Russian Call Girls Kota * 8250192130 Service starts from just ₹9999 ✅
Moral injury
1. Does Hospital Hallway Care Cause Paramedics To Suffer A Moral Injury?
Don Sharpe
Alberta Registered Paramedic
Recently I was speaking with another Paramedic about how it's possible
for us to suffer a serious moral injury by waiting in a hospital hallway.
Something you hadn’t considered previously? Reading this may help it
make sense now. http://moralinjuryproject.syr.edu/about-moral-injury/
Paramedics provide high quality care to sick and injured patients and
then transport them to Hospital. The problem? At the Hospital we are
dismissed to a hallway where our care by default becomes substandard.
Hallway Waiting forces EMS crews to stay where they don't belong,
attempting care they weren’t trained or hired for, while neglecting their
own work responding to and caring for patients outside the Hospital.
It starts right at triage, where we stand and have to 'sell' our patient to
a RN who's using a lengthy EHR system that clearly values process over
patient care. "No Beds,” the triage RN says, “Go Down the Hallway."
We deal daily with an increasingly adversarial Hospital culture that fails
to recognize the importance of EMS turnaround times, fails to get crews
back into service and refuses to make transfer of care to ER a priority.
Our 'Hospital-centric' Doctors and Senior Healthcare Administrators
continue to discount the importance of citizens who will suddenly
become EMS patients waiting for Paramedic care in the community.
Lengthening response times for critically ill patients are now a direct
result of EMS crews being out of service in the hospital hallway.
Paramedics on overtime are lined up at triage and a dozen ambulances
parked idling outside the ER for hours has become a common sight.
Occasional late calls are certainly expected in pre-hospital care but now
they’ve become routine. Paramedics are too often not getting home to
their families in a timely fashion. Our EMS leadership, who all leave for
home on time, have proven powerless to correct these problems.

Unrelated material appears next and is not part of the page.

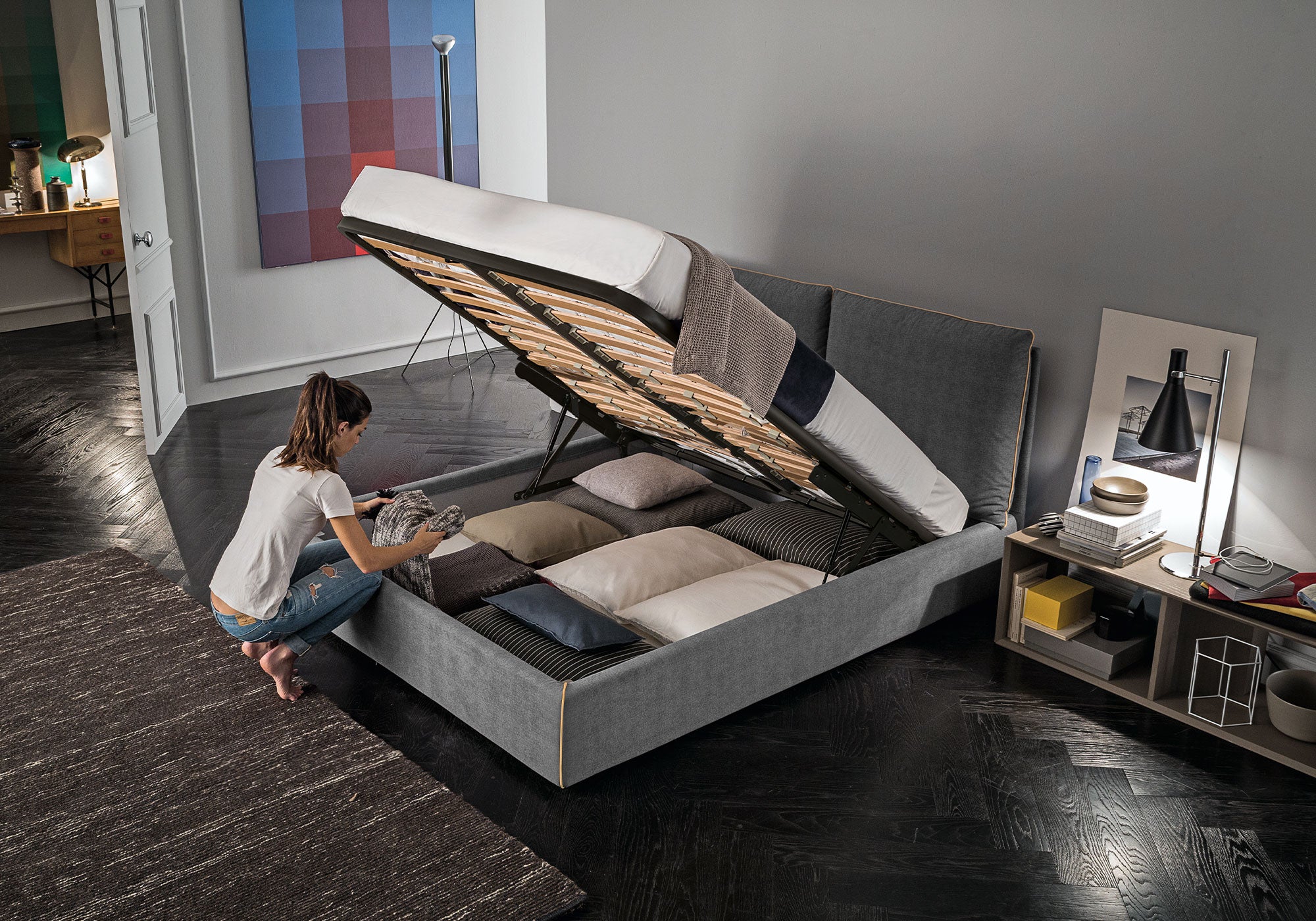 Felis ви дава свобода – изберете дамаска по свой вкус, възползвайте се от опцията за лесно повдигане на леглото за удобно почистване, добавете LED осветление ра или интегрирайте USB порт за повече практичност. Съчетавайки италианска елегантност и функционалност, Felis създава спалнята, която е изцяло във ваш стил.

Our union and professional associations, which we pay an awful lot of
money to, have refused to publicly take a stand to protect us and our
patients from the increasingly harmful practice of hallway waiting.
What is the result of this continuous assault on the defined ethical
values and respect for quality patient care, which all Paramedics hold?
It’s frustration, sadness, anger... all of which must be 'stuffed down' in
an effort to continue providing just adequate care to our patients, both
those waiting in the hallway, as well as waiting out in the community.
We are all trying to help, taking over care in the hallway - writing RLS's
- moving trucks in the Ambulance bay - rushing to clear the Hospital in
a RED ALERT – but we all know we're just shuffling the deck chairs
around on a sinking ship. We can’t Band-Aid this problem much longer.
So let's talk about this... and let's End Paramedic Hallway Waits.